Los niños ven reaparecer a su madre, tras un tiempo indeterminado en el hospital, del cual retorna con el rostro vendado. Entre las gasas se aprecia un ramillete de tumefacciones que anulan la identidad reconocida por los niños. Quien regresa es una extraña que se sospecha impostora. Su comportamiento demudado, paranoico y áspero, subrayan la aterradora posibilidad.
La madre está más cerca de lo espectral que de lo concreto, y gran parte del relato transcurre entre un juego de tensiones y sospechas muy al estilo de Alfred Hitchcock, sobre todo en La ventana indiscreta (Rear Window, 1954). Mientras la relación de poder e influencia entre los niños se precipita a otro abismo de incertidumbre, que redundará al final en una quebradura de expectativas, colisión de suposiciones y más confusión.
La madre vendada y distanciada adquiere una dimensión monstruosa, casi de dopplegänger, que provoca el colapso de la armonía hogareña y la sanidad mental. Su rostro vedado aguza la crisis de afectos y confianza. Deja de ser persona para convertirse en un ente de pesadilla, que acosa y sitia a los hijos, cuya reacción será terrible e insospechada.
10.- Enferma de mí (Syk pike, Kristoffer Borgli, 2022) Noruega
La joven Signe (Kristine Kujath Thorp) es tan “normal” que se vuelve invisible para el mundo. Sin talentos ni rasgos que la distingan de la masa, decide sacrificar tal nulidad saludable a una posible fama enferma. Convierte su cuerpo en dispositivo de relevancia. Busca construirse con su carne y su sangre una personalidad notable.
Consume medicamentos altamente dañinos para catalizar la transmutación de su organismo y su vida. Sobre la piel y el rostro graba un desesperado grito de atención, obsesionada con satisfacer un narcisismo desbordado que le quema la garganta como la peor sed.

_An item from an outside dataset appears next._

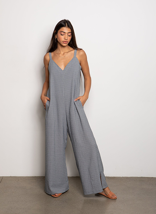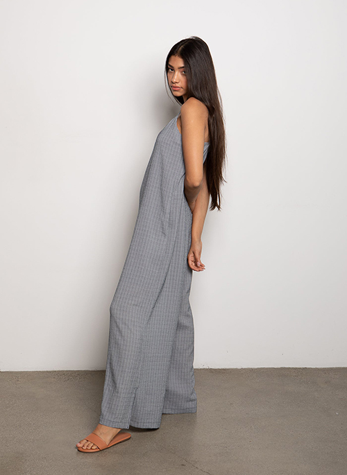 A simple look with structured details, this tank style Colline jumpsuit--featuring front v-neckline and zipper back closure--is cut in a casual, Navy Check fabric.

Signe comienza a descollar de entre sus congéneres cuando la droga erosiona sus rasgos, convirtiéndola en un freak, en un monstruo cuya singularidad será notada. El proceso inicia con su rostro vendado por los doctores que desconocen el origen de la dolencia desfiguradora. La medicina occidental busca recomponer la “normalidad” de Signe, a costa de su retorno al anonimato que desprecia.
En esta historia, los vendajes no son el mínimo escudo protector que permite sobrevivir a los protagonistas de varias de las películas listas aquí. Todo lo contrario. Es un nuevo obstáculo que se le atraviesa a Signe en su carrera por la fama instantánea. Las vendas dificultan su exhibicionismo, que buscará cebarse en la curiosidad malsana de una humanidad maravillada a la vez que asqueada con los fenómenos de feria.
Signe desecha todo lo que persiguen Griffin, Janet Tyler, Hamilton, Okuyama, John Merrick, Peyton Westlake. Codicia lo que para ellos son estigmas insoportables. La visibilidad ansiada pasa por la dislocación de la normalidad y el tranquilo anonimato que esta implica.